=== Section Start ===

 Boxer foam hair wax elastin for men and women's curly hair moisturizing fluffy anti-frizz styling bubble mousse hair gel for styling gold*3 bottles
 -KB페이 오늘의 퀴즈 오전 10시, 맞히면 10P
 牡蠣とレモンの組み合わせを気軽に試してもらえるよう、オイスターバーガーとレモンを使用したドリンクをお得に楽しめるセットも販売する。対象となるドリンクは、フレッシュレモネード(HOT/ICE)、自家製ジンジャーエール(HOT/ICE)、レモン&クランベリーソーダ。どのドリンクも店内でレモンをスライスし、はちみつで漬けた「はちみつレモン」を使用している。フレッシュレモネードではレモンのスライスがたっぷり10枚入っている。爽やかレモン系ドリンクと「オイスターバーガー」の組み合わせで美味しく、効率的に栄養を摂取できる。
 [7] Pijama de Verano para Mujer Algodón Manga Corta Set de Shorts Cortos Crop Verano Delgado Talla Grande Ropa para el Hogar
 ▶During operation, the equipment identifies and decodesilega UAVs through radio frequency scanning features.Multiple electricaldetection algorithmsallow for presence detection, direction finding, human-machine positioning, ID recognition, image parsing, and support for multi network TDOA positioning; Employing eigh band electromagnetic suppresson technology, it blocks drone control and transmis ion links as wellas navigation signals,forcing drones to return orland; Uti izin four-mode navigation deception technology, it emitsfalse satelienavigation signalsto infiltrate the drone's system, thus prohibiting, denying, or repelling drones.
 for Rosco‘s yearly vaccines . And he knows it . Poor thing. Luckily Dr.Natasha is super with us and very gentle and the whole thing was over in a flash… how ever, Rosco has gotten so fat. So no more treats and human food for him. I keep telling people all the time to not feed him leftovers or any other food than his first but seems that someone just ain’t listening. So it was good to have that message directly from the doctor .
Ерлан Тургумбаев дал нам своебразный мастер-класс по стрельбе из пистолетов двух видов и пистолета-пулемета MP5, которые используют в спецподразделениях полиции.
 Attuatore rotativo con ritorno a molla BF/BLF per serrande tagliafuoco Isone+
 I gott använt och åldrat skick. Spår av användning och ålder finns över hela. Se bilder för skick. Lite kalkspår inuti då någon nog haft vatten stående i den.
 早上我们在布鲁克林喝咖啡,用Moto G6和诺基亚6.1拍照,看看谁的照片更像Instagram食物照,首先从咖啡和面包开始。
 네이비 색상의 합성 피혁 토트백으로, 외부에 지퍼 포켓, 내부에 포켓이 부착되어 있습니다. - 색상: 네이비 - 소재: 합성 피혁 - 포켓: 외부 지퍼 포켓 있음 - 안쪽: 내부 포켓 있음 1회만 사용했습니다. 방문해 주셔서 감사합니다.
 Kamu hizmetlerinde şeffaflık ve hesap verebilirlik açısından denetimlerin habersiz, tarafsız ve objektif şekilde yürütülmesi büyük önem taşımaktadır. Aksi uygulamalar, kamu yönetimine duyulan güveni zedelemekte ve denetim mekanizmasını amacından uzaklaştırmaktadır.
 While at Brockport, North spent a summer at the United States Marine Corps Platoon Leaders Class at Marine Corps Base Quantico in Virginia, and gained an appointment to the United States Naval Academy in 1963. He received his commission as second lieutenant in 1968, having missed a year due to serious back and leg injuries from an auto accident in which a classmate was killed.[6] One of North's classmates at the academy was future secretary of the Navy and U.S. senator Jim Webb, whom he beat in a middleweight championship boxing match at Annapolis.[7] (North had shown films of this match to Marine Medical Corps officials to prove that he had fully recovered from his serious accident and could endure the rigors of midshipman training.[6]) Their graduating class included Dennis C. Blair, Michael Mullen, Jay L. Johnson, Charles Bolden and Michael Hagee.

=== Section End ===

Work instruction>
Every record must be transcribed precisely, down to the last character.

Expected answer>
 Boxer foam hair wax elastin for men and women's curly hair moisturizing fluffy anti-frizz styling bubble mousse hair gel for styling gold*3 bottles
 -KB페이 오늘의 퀴즈 오전 10시, 맞히면 10P
 牡蠣とレモンの組み合わせを気軽に試してもらえるよう、オイスターバーガーとレモンを使用したドリンクをお得に楽しめるセットも販売する。対象となるドリンクは、フレッシュレモネード(HOT/ICE)、自家製ジンジャーエール(HOT/ICE)、レモン&クランベリーソーダ。どのドリンクも店内でレモンをスライスし、はちみつで漬けた「はちみつレモン」を使用している。フレッシュレモネードではレモンのスライスがたっぷり10枚入っている。爽やかレモン系ドリンクと「オイスターバーガー」の組み合わせで美味しく、効率的に栄養を摂取できる。
 [7] Pijama de Verano para Mujer Algodón Manga Corta Set de Shorts Cortos Crop Verano Delgado Talla Grande Ropa para el Hogar
 ▶During operation, the equipment identifies and decodesilega UAVs through radio frequency scanning features.Multiple electricaldetection algorithmsallow for presence detection, direction finding, human-machine positioning, ID recognition, image parsing, and support for multi network TDOA positioning; Employing eigh band electromagnetic suppresson technology, it blocks drone control and transmis ion links as wellas navigation signals,forcing drones to return orland; Uti izin four-mode navigation deception technology, it emitsfalse satelienavigation signalsto infiltrate the drone's system, thus prohibiting, denying, or repelling drones.
 for Rosco‘s yearly vaccines . And he knows it . Poor thing. Luckily Dr.Natasha is super with us and very gentle and the whole thing was over in a flash… how ever, Rosco has gotten so fat. So no more treats and human food for him. I keep telling people all the time to not feed him leftovers or any other food than his first but seems that someone just ain’t listening. So it was good to have that message directly from the doctor .
Ерлан Тургумбаев дал нам своебразный мастер-класс по стрельбе из пистолетов двух видов и пистолета-пулемета MP5, которые используют в спецподразделениях полиции.
 Attuatore rotativo con ritorno a molla BF/BLF per serrande tagliafuoco Isone+
 I gott använt och åldrat skick. Spår av användning och ålder finns över hela. Se bilder för skick. Lite kalkspår inuti då någon nog haft vatten stående i den.
 早上我们在布鲁克林喝咖啡,用Moto G6和诺基亚6.1拍照,看看谁的照片更像Instagram食物照,首先从咖啡和面包开始。
 네이비 색상의 합성 피혁 토트백으로, 외부에 지퍼 포켓, 내부에 포켓이 부착되어 있습니다. - 색상: 네이비 - 소재: 합성 피혁 - 포켓: 외부 지퍼 포켓 있음 - 안쪽: 내부 포켓 있음 1회만 사용했습니다. 방문해 주셔서 감사합니다.
 Kamu hizmetlerinde şeffaflık ve hesap verebilirlik açısından denetimlerin habersiz, tarafsız ve objektif şekilde yürütülmesi büyük önem taşımaktadır. Aksi uygulamalar, kamu yönetimine duyulan güveni zedelemekte ve denetim mekanizmasını amacından uzaklaştırmaktadır.
 While at Brockport, North spent a summer at the United States Marine Corps Platoon Leaders Class at Marine Corps Base Quantico in Virginia, and gained an appointment to the United States Naval Academy in 1963. He received his commission as second lieutenant in 1968, having missed a year due to serious back and leg injuries from an auto accident in which a classmate was killed.[6] One of North's classmates at the academy was future secretary of the Navy and U.S. senator Jim Webb, whom he beat in a middleweight championship boxing match at Annapolis.[7] (North had shown films of this match to Marine Medical Corps officials to prove that he had fully recovered from his serious accident and could endure the rigors of midshipman training.[6]) Their graduating class included Dennis C. Blair, Michael Mullen, Jay L. Johnson, Charles Bolden and Michael Hagee.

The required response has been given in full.